Indian ambassador Jayan Prasad, who was not hurt in the explosion heard across the city centre, told AFP the suicide attacker rammed the diplomats' vehicle as it was entering through the gates of the embassy compound.

"The embassy has been blown up badly, the outer structures," another embassy official said on condition of anonymity. "We are walking on rubble."

Five Afghan security guards and two Indonesian diplomats were hurt at the nearby Indonesian embassy, which was also damaged, Indonesian President Susilo Bambang Yudhoyono was quoted as saying in Jakarta.

The blast was the worst in Kabul since the start of an Islamist insurgency launched after the hardline Taliban were toppled from government by US-led forces for harbouring the Al-Qaeda network after the 9/11 attacks.

The Taliban have carried out a wave of suicide bombings across the country in the past seven years, but a spokesman for the movement denied his group was involved in the Indian embassy attack.

"We have not done it," spokesman Zabihullah Mujahed said.

The militants have previously denied involvement in attacks with high civilian casualties but authorities often blame them, pointing to their record of suicide bombings.

The Afghan interior ministry said "terrorists" had carried out the attack "in coordination and with advice from regional intelligence circles".

Asked if this was a reference to Pakistan, Bashary declined to comment.

The Afghan government has repeatedly accused elements in Pakistan's army and its shadowy intelligence service of supporting the Taliban and other extremists for strategic interests. Pakistan denies the accusation.

President Hamid Karzai blamed the "enemies" of the good relationship between Afghanistan and India, one of the country's staunchest allies as the war-torn country battles the increasingly bloody Taliban insurgency.
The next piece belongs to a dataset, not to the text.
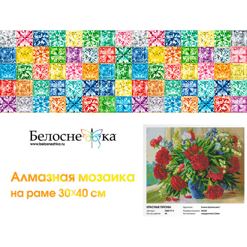 Блестящая картина из квадратных камней. Основа картины – холст, натянутый на подрамник, для придания крепости конструкции подрамник усилен листом оргалита. На холст нанесена цветная схема с контрастными условными обозначениями, схему покрывает высококачественный клеевой слой, сверху слой закрыт пленкой. Комплект квадратных камней расфасован по цветам в отдельные пакеты, на каждом пакете есть наклейка с номером цвета и условным обозначением.

He telephoned Indian Prime Minister Manmohan Singh to offer his condolences and said his government would do all it could to find the attackers, his office said in a statement.

India has provided significant support to Afghanistan's efforts to restore order after the ousting of the Islamic extremist Taliban movement, which seized power in 1996.
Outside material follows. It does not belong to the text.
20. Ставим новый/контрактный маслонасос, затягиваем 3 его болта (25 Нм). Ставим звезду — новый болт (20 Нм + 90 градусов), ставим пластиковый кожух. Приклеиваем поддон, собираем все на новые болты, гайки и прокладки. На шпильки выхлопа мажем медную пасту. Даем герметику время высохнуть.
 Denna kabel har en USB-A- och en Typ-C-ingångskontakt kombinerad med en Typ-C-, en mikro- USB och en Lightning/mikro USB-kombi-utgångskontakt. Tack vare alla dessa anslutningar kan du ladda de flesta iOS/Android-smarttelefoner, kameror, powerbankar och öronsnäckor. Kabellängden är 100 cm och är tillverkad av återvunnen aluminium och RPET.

"Such acts of terror will not deter us from fulfilling our commitments to the government and people of Afghanistan," the Indian government said in a statement.

The United States and European Union led international condemnation of the blast, pledging to stand by Afghanistan as it battles a growing wave of extremist violence in the region that has also seen a wave of deadly attacks in neighbouring Pakistan.

The international community has sent about 70,000 troops to Afghanistan to help them fight the militants but the insurgency has only gained pace, notably over the past two years.

In other violence Monday, a Canadian soldier died after being badly hurt in a bomb blast in the southern province of Kandahar, a Canadian commander said.

A roadside bomb similar to those used by the Taliban killed three Afghan police in the same province and a separate one killed four more in the neighbouring province of Uruzgan, government officials said.